И теперь, по-видимому, ждали выезда Морозовой. На дворе, у крыльца главного подъезда, стояла богатая, известная всей Москве «каптана» Морозихи, украшенная бронзою, «муссиею и серебром и аргамаками многими» карета, запряженная двенадцатью белыми редкими конями с великолепными «гремячими чепьми». Около «каптаны» толпились рабы и рабыни, числом не менее двухсот, ожидая торжественного выхода. На козлах по-прежнему сидел седобородый плотный кучер, боярин не боярин, поп не поп, а что-то очень важное, в высокой меховой шапке с голубым верхом наподобие купола Василия Блаженного, сидел, важно поглядывая на толпу и сплевывая через спесивую губу, и здоровыми ручищами в оленьих рукавицах сдерживал коней, грызших и пенивших слюною блестящие удила. На каждой из лошадей, запряженных цугом, сидело по молоденькому вершнику в высоких шапках с голубыми верхами… Все, решительно все глядело так же торжественно, как и семь лет назад… Не было только Феди юродивого, которого удавили за веру в далекой Мезени, на глазах у толпы…

— Али, родимый, Морозиху ждут, народу-то что натолкалось? — спрашивала оборванная нищенка белобрысого детину из Охотного ряду в шапке таких размеров, что из ее меху можно было бы выкроить три добрых шапки.

— Знамо, Морозиху, не тебя, мочену грушу, — осклабился детина.

— А как же, милой, сказывали, будто ее, боярыню-ту, за двуперстие на цепь посадили, а как стали, сказывают, ноги-ту ейные чепью заковывать, так от ног-ат огнь изыде и стрельцу Онисимке всю бороду опалило…

— Точно опалило, — подхватила торговка-оладейница. — Я в те поры оладьи волокла в Охотный ряд, так видела своими глазыньками, аки бы дым какой на дворе, а на трубе ворона каркала, и уж таково страшно…

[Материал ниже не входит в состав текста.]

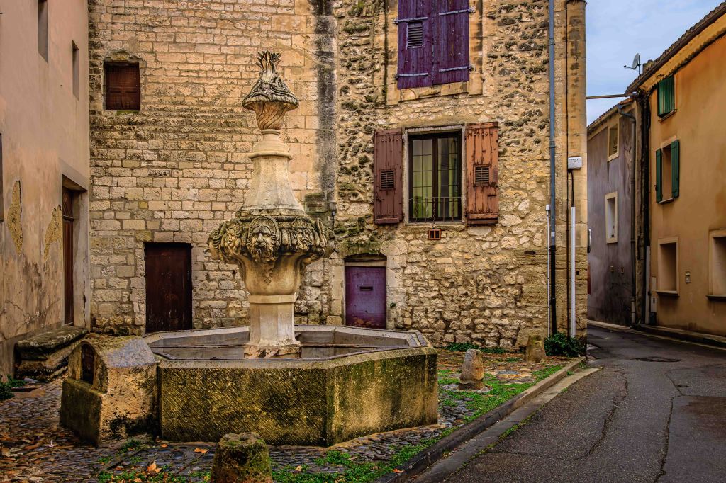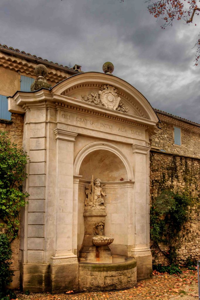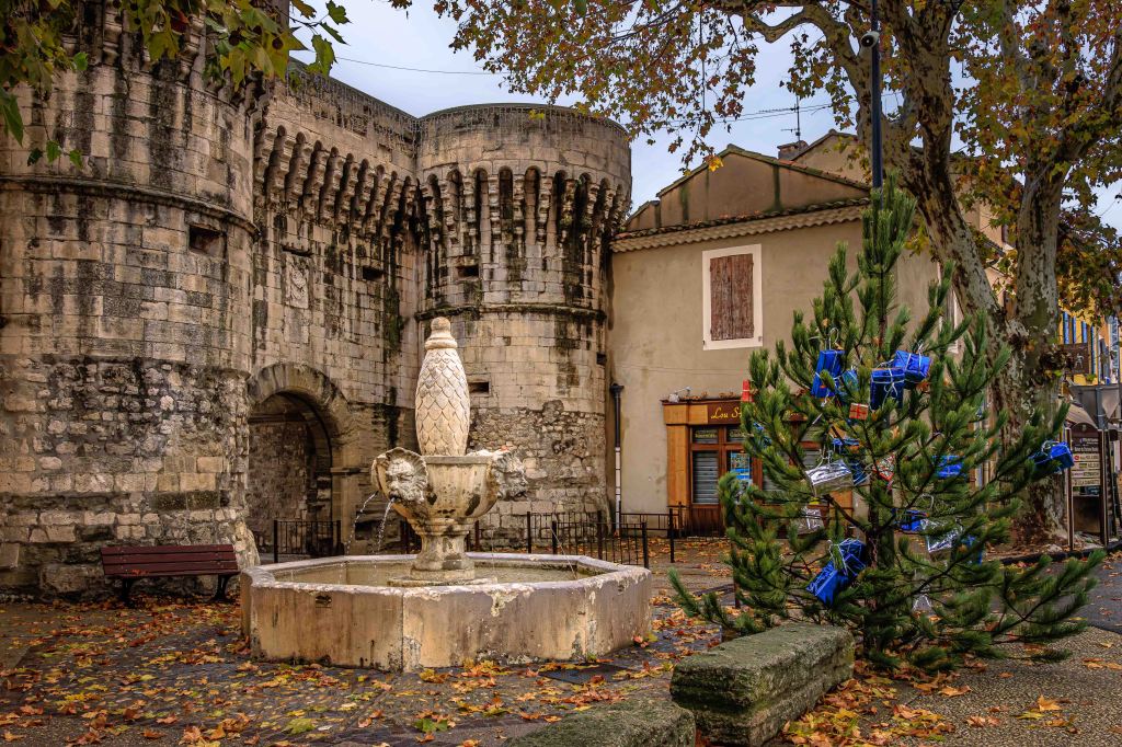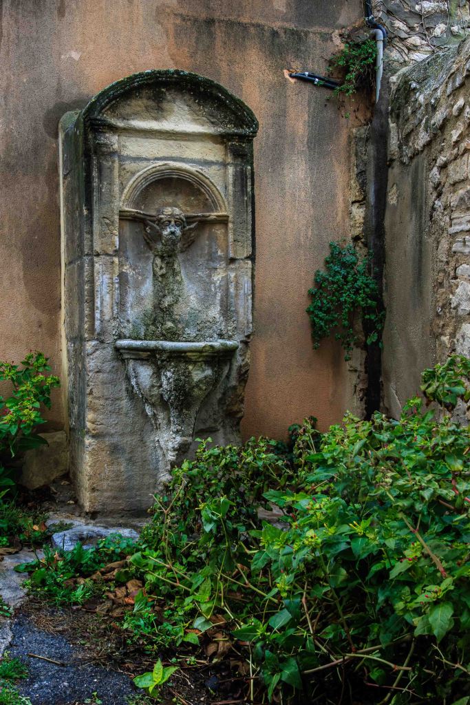 Wir folgen dem Flüsschen Nesque und kommen in die Stadt der Brunnen: Pernes-les-Fontaines. Vierzig Stück sollen es sein. Alle wurden sie im 18. Jahrhundert erbaut, nachdem der Stadtbaumeister ein neue Grundwasserquelle erschlossen hatte. Obwohl ich wirklich alle Gassen der malerischen Altstadt ablaufe, entdecke ich nur gut zwei Dutzend. Manche sind prächtig, einer bekommt einen neuen Fußboden, ein anderer, etwas schlichter, steht etwas abseits in der Ecke. Einem Wasserspeier haben sie ein Baugerüst auf den Kopf gelegt, einer hat vom kalkigen Wasser einen weißen Bart bekommen. Prächtig ist das Porte Notre Dame mit den zwei Rundtürmen und einer Kapelle auf der Brücke.

— Ах, владычица-предотеча! Что ж Онисимке-то?

— Да что, сказывали в Обжорном ряду: как увидал царь-от осударь Онисимку, да и испужайся и говорит: «Она-де, Морозиха, мученица есть, привезти-де ее ко мне во дворец в золотой каптане…»

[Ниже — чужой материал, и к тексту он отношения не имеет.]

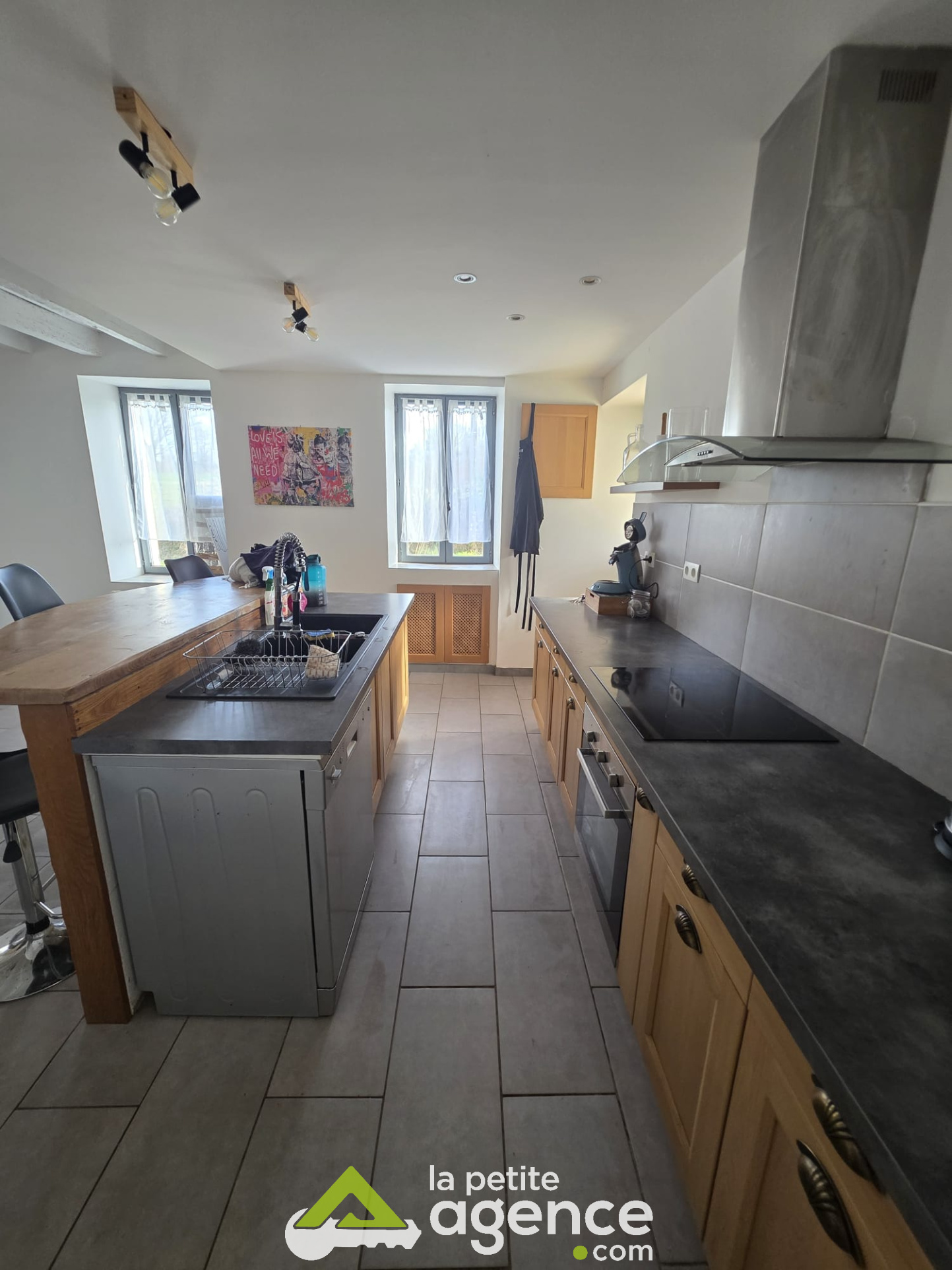 Thaumiers (18210)THAUMIERS: Maison comprenant une petite véranda sur cuisine aménagée et équipée ouverte sur salon-séjour avec insert bois, une buanderie, un wc, une salle de bain comprenant aussi une douche.

В это время с заднего двора выехали простые дровни, покрытые соломкой и запряженные водовозной клячей, и остановились у крыльца людских хором. Клячу вел под уздцы стрелец.

— А дровни-те, родимая, для кого ж будут? — спросила нищенка у оладейницы.

— Не ведаю, милая…

— Дровни-те под тебя, мочена груша, — зубоскалил детина из Охотного ряду.

— Охальник ты, охальник и есть! — обиделась нищенка.

— Пра, баунька, вот те крест татарский! Хотят, чу, везти тебя царю на показ.

— Идет! Идет! — заволновалась улица.

С главного крыльца сходил кто-то, поддерживаемый под руки плачущею старою нянюшкой и мрачным слугою Иванушкою, но только это сходила не Морозова. Видна была наглухо застегнутая соболья шуба да высокая боярская шапка, а, по-видимому, плачущее лицо закрыто было ладонями.